Le crépuscule des bleus

Je vous le dis tout net : moi, je vote pour le bleu, le bleu du ciel s’entend, avec un beau soleil et quelques nuages décoratifs ! Et dans la foulée, je vote pour le vert des prairies, pour le rose des aurores de beau temps, pour le jaune des pissenlits sans gilet, et le rouge des coquelicots à venir. Je vote pour le bleu, le bleu azur d’une Europe utopique, enfin reconnaissante envers ses agriculteurs. Mais pour autant, voterai-je pour le bleu royal de la droite libérale en Belgique ? Franchement, je n’en ai aucune idée, vu sa campagne électorale d’une mièvrerie à pleurer. Je donne ma langue au chat, et à propos de langue, je ne vote pas du tout pour celle trop bleue de la FCO, pour tous les ennuis annoncés et les vaccins « imposés » par les marchands.

Tant de gris, et si peu de bleu sous la voûte céleste, en cette première décade de mai ! Neige, gelées nocturnes, giboulées torrentielles, la météo nous a infligé un printemps hivernal, histoire sans doute de jouer avec nos nerfs et de nous faire douter du réchauffement climatique. Le bleu azur nous a manqué cruellement, et confiné nos animaux dans les étables, bien plus tard que les autres années. Les herbes flirtent courageusement avec le ras des pâquerettes, et les nuits glaciales, jusqu’à présent, interdisent aux vaches laitières et aux jeunes veaux de dormir à la belle étoile. En quarante années de carrière, je n’ai jamais connu un tel scénario, lequel rappelle en tout cas combien nous sommes dépendants du climat, un paramètre que les hommes ne pourront jamais maîtriser, et devront se contenter de subir…

Subir, de toute façon, les agriculteurs en ont l’habitude ! Le temps qu’il fait nous importune un peu, beaucoup, à la folie, pas du tout. Cela dépend. Les hommes nous ennuient bien davantage. Nous sommes placés au milieu d’un vaste échiquier à taille mondiale, pauvres pions à valeur d’ajustement, baladés et sacrifiés par les maîtres du jeu : politique, bureaucratie, finance, commerce, industrie… Les élections nous donnent l’occasion de faire entendre nos voix, mais franchement, ce n’est pas gagné ! « Notre » MR nous fait les yeux doux, -bleus comme il se doit –, et se fend de ses sempiternelles déclarations d’amour. Mais lors des émissions électorales à la télé, les Bleus ont envoyé au casse-pipe leurs pires débatteurs, lesquels multiplient les gaffes et font preuve d’une naïveté confondante face aux autres partis. Le font-ils exprès ? Sont-ils fatigués du pouvoir ? La bande à Sabine et Willy désire-t-elle prendre des vacances et passer les cinq prochaines années au divan de l’opposition ? Si tel est leur désir, personne ne leur contestera ce droit, parmi les autres couleurs politiques, du rose à l’amarante, du vert au rouge en passant même par l’orange !

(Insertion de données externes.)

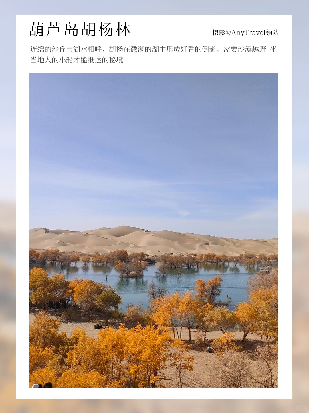 连绵的沙丘与湖水相呼,胡杨在微澜的湖中形成好看的倒影,需要沙漠越野+坐当地人的小船才能抵达的秘境
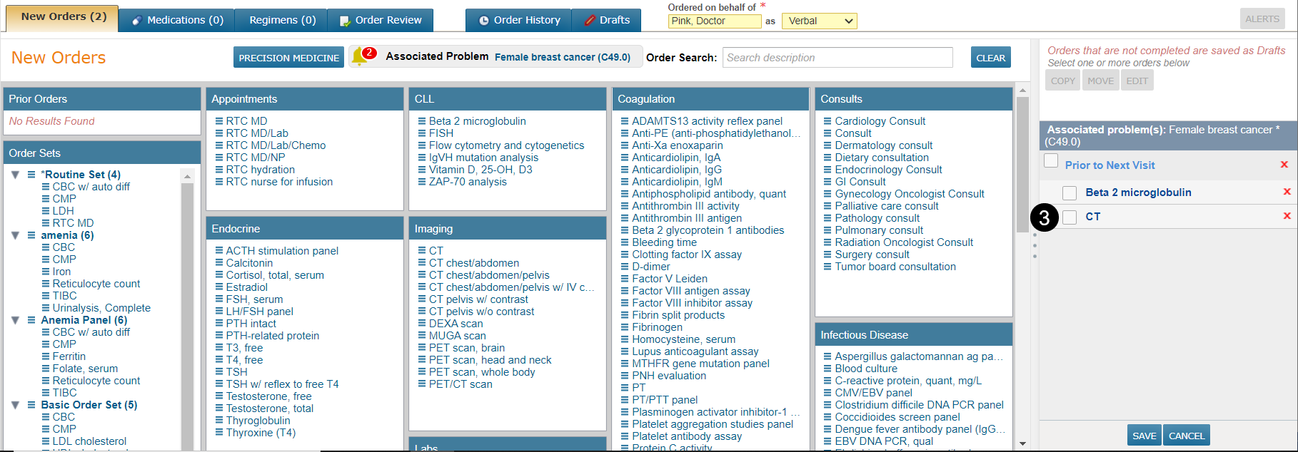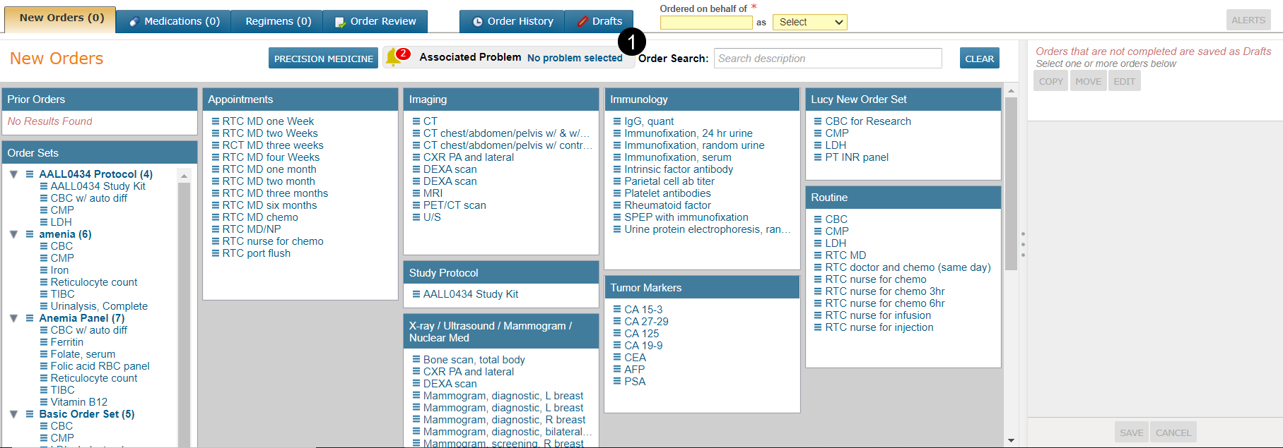 On the Orders tab, you can save clicks by selecting more than one Associated Problem for orders you are about to create (see callout 1). Before this release, only one problem could be selected from the Problems dialog. Check boxes have been added so that you can now select all, select one, select multiple, or select none (see callout 2).
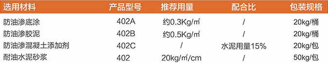 3.适用于抗渗性能要求较高的贮存轻油类和重油类的油灌工程。
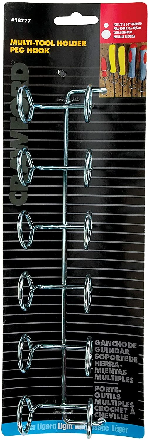 Holds up to 6 hand tools. For 1/8 in & 1/4 in Pegboard.
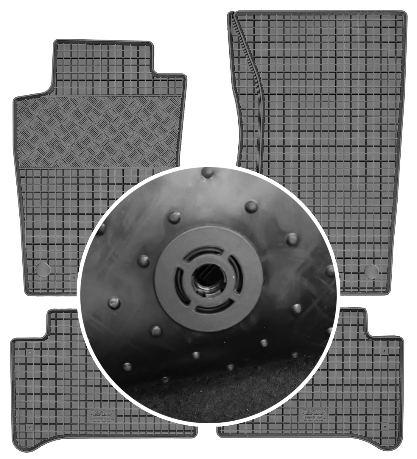Przedmiotem oferty jest komplet dywaników renomowanej czeskiej firmy RIGUM idealnie dopasowanych do kształtu płyty podłogowej samochodu z delikatnym brzegiem ochronnym oraz strukturą kratki.
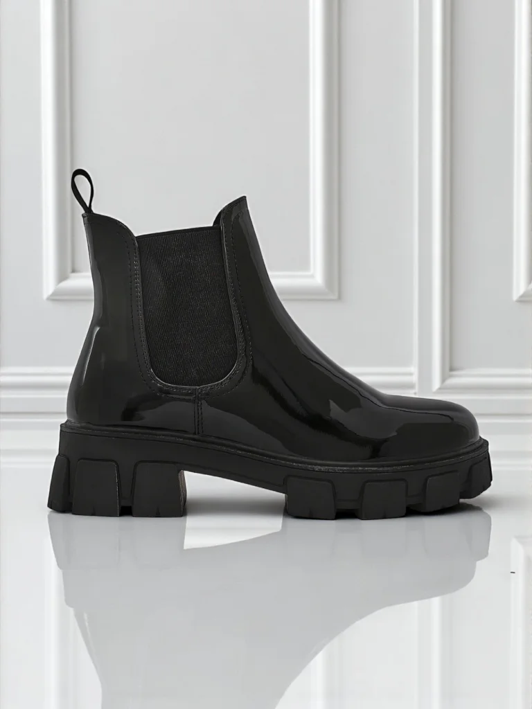 - Rewelacni dámské kotníkové boty na silnější podrážce jsou vyrobeny z lakované eko kůže. Vnitřek z jemné tkaniny zaručuje komfort i v chladnějších dnech. Nazouvací model.

En politique wallonne, le bleu se cache derrière de gros nuages, mais en météo, il revient en force dans notre ciel de mai. Pour longtemps, j’espère ! Le bleu de la langue bleue, -hélas !- s’invite également ces jours-ci, et les marchands de bestiaux nous promettent une apocalypse commerciale en automne, si nous ne vaccinons pas contre les sérotypes 4 et 8. Diantre ! Les mercantis manient le verbe avec une dextérité sans égale, quand il s’agit de faire baisser les prix. Leurs trucs et astuces ne nous font plus rire, car cette nouvelle exigence tombe dans un contexte désastreux, avec des prix déjà très bas. Nous aurons donc des prix plus bas que très bas, si nous ne vaccinons pas. Devrons-nous donner nos animaux, peut-être payer pour qu’on daigne nous en débarrasser ? Qui peut le prévoir ? Allons-nous, une fois de plus, nous incliner devant le diktat du commerce ? Fort probablement, et il va nous en coûter une bonne dizaine d’euros par animal vacciné…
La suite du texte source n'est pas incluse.